WHAT NEEDS TO BE DONE:
Each line in the material below, starting at the one that contains "Heart-shaped rhinestone ultra-bright" and ending at the one that contains "Walter ‘The Wonder", should be repeated exactly; the pictures should not.

SUPPLIED DATA:
******

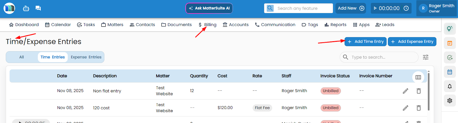 Go to Billing → Ledgers. Click Add Income on the top-right. Enter the transaction details (date, description, amount, and related matter if needed). Click Save to record the income.
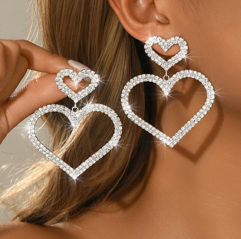 Heart-shaped rhinestone ultra-bright love earrings for women
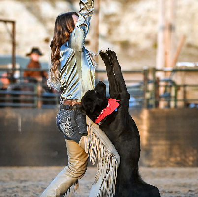 Walter ‘The Wonder Dog’ Straight from the mountains of Montana, Walter is a four-year-old Labernese who brings unexpected athleticism and heart to the arena. He loves to dance and perform in harmony with his human partner, Cory Furlong, in a partnership built on trust, love and a shared passion for the show.
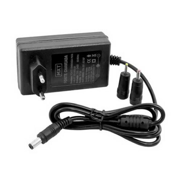 FONTE CHAVEADA MXT PARA USO GERAL/ TABLET 9V 3A (+ INTERNO) BIVOLT + 2 PLUGS MX-09V3A - 039.0001.00197 Avaliação: SKU.: 9009 FONTE CHAVEADA MXT PARA USO GERAL/ TABLET 9V 3A (+ INTERNO) BIVOLT + 2 PLUGS MX-09V3A - 039.0001.00197 is available for purchase in increments of 1 Faça Login ou Cadastre-se para comprar Descubra mais sobre - Fonte chaveada para Tablet 9V 3A Bivolt - Plugue fonte: - Plugue: P4 2,1 x 5,5 mm - Polaridade: (+) centro -Acompanha: 1 Adaptador para plugue 3,5mm x 1,35mm 1 Adaptador para plugue 2,5mm x 0,8mm Informações Técnicas: - Referência: MX-09V3A - Tensão de entrada: 100-240V - Tensão de saída: 9V - Amperagem: 3 - Polaridade: (+) centro - Plugue: P4 2,1 x 5,5 mm Características Código Identificador (SKU) 9009 Garantia do Fabricante 6 meses Marca MXT EAN 7899471883600 Origem do Produto Estrangeira Mercado Interno - Adquirida no mercado interno

******

TASK OUTPUT:
 Heart-shaped rhinestone ultra-bright love earrings for women
 Walter ‘The Wonder Dog’ Straight from the mountains of Montana, Walter is a four-year-old Labernese who brings unexpected athleticism and heart to the arena. He loves to dance and perform in harmony with his human partner, Cory Furlong, in a partnership built on trust, love and a shared passion for the show.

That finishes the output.